(INFORMATION PROVIDED)

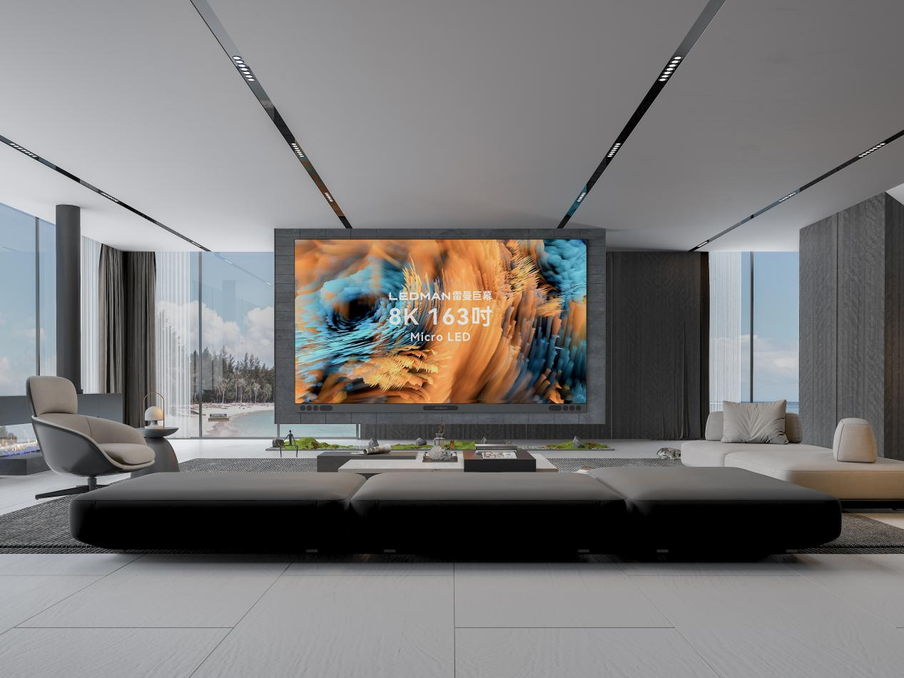 要打造這樣的巨幕并非易事,涉及到一系列技術(shù)難題。作為雷曼全球首臺8K 163吋超高清Micro LED巨幕,采用了自主研發(fā)的COB封裝技術(shù),使用了超過100項(xiàng)雷曼的自主LED專利。在這些技術(shù)的支撐下其分辨率可以達(dá)到7680×4320像素,屬于8k超高清分辨率級別,由于是Micro LED巨幕,我們可以看到這款產(chǎn)品亮度、分辨率、色域、防藍(lán)光、反應(yīng)速度和使用壽命上均有卓越的表現(xiàn),無需吊機(jī)和拆門就可輕松入戶。而且因?yàn)槭亲园l(fā)光其屏占比相比其他顯示器更高,定制型產(chǎn)品可以做到屏占比達(dá)99%,外觀及顯示效果都更為驚艷。除此之外,雷曼還在里面內(nèi)置了性能強(qiáng)大的智能內(nèi)核,它和8K Micro LED顯示屏強(qiáng)強(qiáng)聯(lián)手,可以呈現(xiàn)出更加完美的顯示效果,帶來極佳的視覺沖擊力及豐富的交互體驗(yàn)。
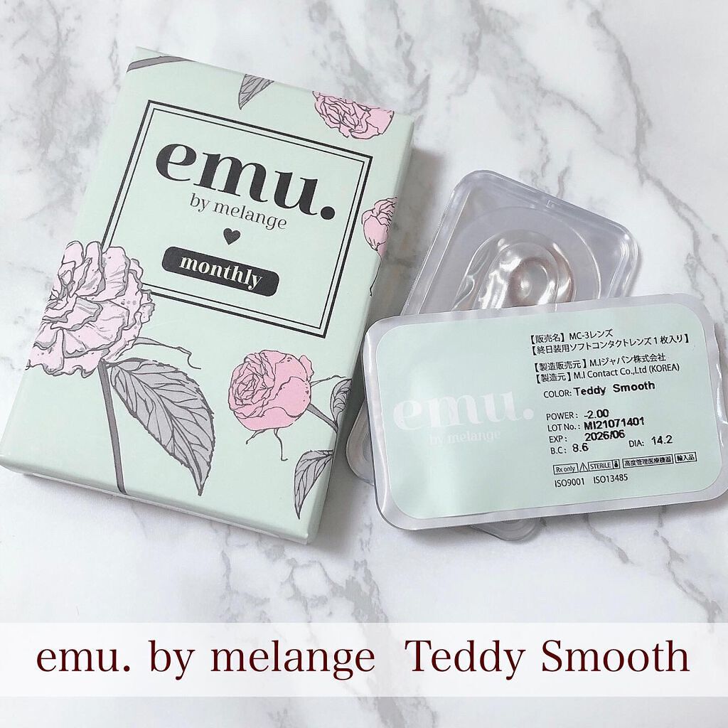 □emu.bymelange(キャンディボム).DIA14.2mm着色直径13.6mmBC8.6mm含水率38%装着期間1month内容1箱2枚入り.5月下旬に新発売となるemu.bymelangeをお試しさせていただきました🐶❤️新ブランド...
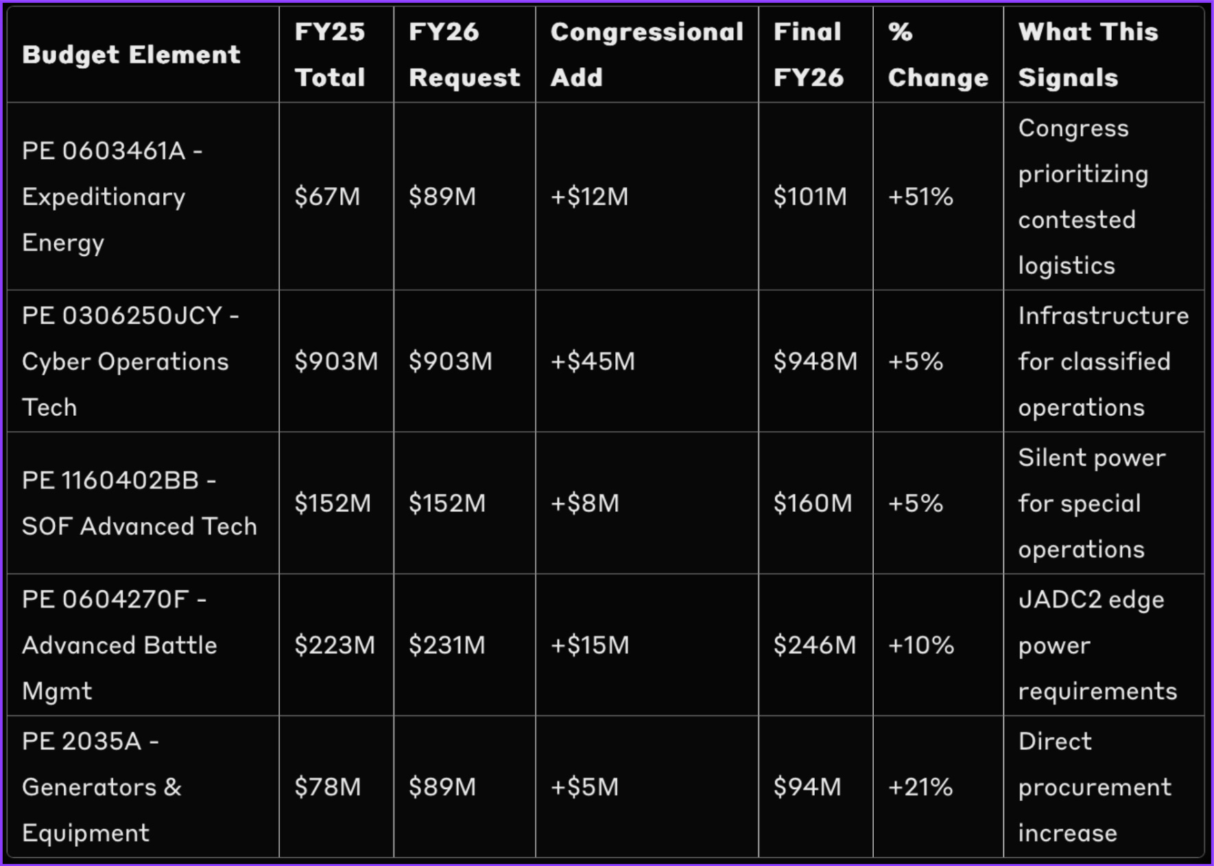 📈 Appropriations Intelligence: The 51% increase in expeditionary energy didn't emerge from Service requests—it's a Congressional add driven by combatant commander unfunded priority lists. Translation: operators desperately want this capability and went around bureaucracy to get it.

(End INFORMATION PROVIDED)

_WHAT TO PRODUCE_: Return the material as it stands. Leave out the pictures.

_RESULT OF THIS EXERCISE_:
 要打造這樣的巨幕并非易事,涉及到一系列技術(shù)難題。作為雷曼全球首臺8K 163吋超高清Micro LED巨幕,采用了自主研發(fā)的COB封裝技術(shù),使用了超過100項(xiàng)雷曼的自主LED專利。在這些技術(shù)的支撐下其分辨率可以達(dá)到7680×4320像素,屬于8k超高清分辨率級別,由于是Micro LED巨幕,我們可以看到這款產(chǎn)品亮度、分辨率、色域、防藍(lán)光、反應(yīng)速度和使用壽命上均有卓越的表現(xiàn),無需吊機(jī)和拆門就可輕松入戶。而且因?yàn)槭亲园l(fā)光其屏占比相比其他顯示器更高,定制型產(chǎn)品可以做到屏占比達(dá)99%,外觀及顯示效果都更為驚艷。除此之外,雷曼還在里面內(nèi)置了性能強(qiáng)大的智能內(nèi)核,它和8K Micro LED顯示屏強(qiáng)強(qiáng)聯(lián)手,可以呈現(xiàn)出更加完美的顯示效果,帶來極佳的視覺沖擊力及豐富的交互體驗(yàn)。
 □emu.bymelange(キャンディボム).DIA14.2mm着色直径13.6mmBC8.6mm含水率38%装着期間1month内容1箱2枚入り.5月下旬に新発売となるemu.bymelangeをお試しさせていただきました🐶❤️新ブランド...
 📈 Appropriations Intelligence: The 51% increase in expeditionary energy didn't emerge from Service requests—it's a Congressional add driven by combatant commander unfunded priority lists. Translation: operators desperately want this capability and went around bureaucracy to get it.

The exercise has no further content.